I mercantili che portano armi al Governo di accordo nazionale (GNA) di Fayez al-Sarraj a Tripoli sono scortati da navi da guerra turche e, “passeggiata o meno” nessuno riesce a immaginare, a Roma come a Bruxelles, che la flotta Ue abbia regole d’ingaggio così robuste da permetterle di scatenare una battaglia navale contro la Marina di Ankara per bloccare le forniture di armi al governo libico legittimo riconosciuto dall’ONU.
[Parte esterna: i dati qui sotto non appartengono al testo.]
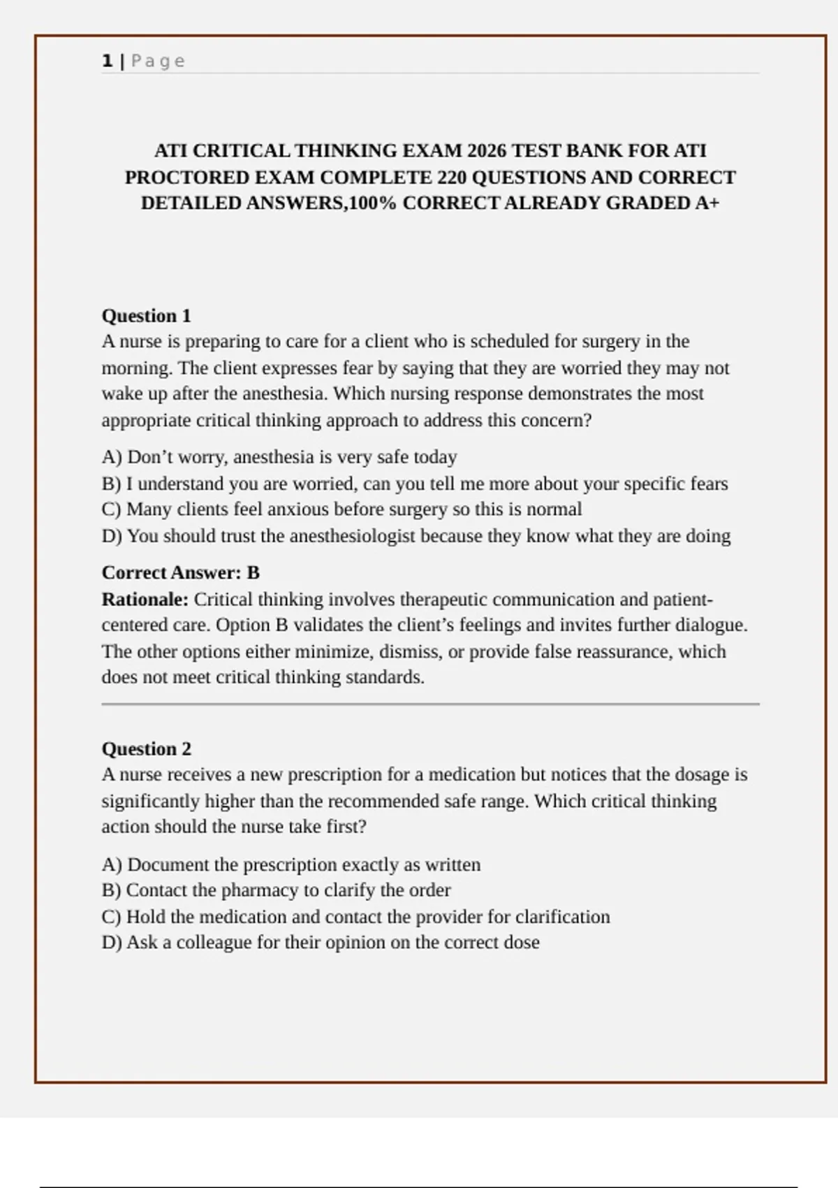ATI CRITICAL THINKING EXAM 2026 TEST BANK FOR ATI

Anche perché, giusto per chiarirci subito le idee, il governo turco non riconosce la legittimità dell’operazione navale targata Ue. “L’Unione europea non ha alcuna autorità per prendere una decisione sulla Libia” ha detto ieri il presidente turco Recep Tayyp Erdogan, parlando al gruppo parlamentare del suo partito (AKP) ad Ankara.

Del resto pure il ministro degli Esteri russo, Sergei Lavrov, incontrando l’omologo italiano Luigi Di Maio nel vertice bilaterale Esteri-Difesa, ha chiesto che ogni iniziativa sulla Libia venga assunta nell’ambito delle Nazioni Unite.

Anche a causa di tutte queste difficoltà resta aperto il dubbio che la nuova missione Ue favorisca la ripresa dei flussi migratori su vasta scala verso l’Italia (e ad aprile sarebbe del resto il momento giusto, con il ritorno della bella stagione). Un dubbio rafforzato anche dai veti al ripristino dell’Operazione Sophia espressi da Vienna, Bratislava e Budapest che vorrebbero impedire alle navi della nuova missione Ue di avvicinarsi alle coste libiche.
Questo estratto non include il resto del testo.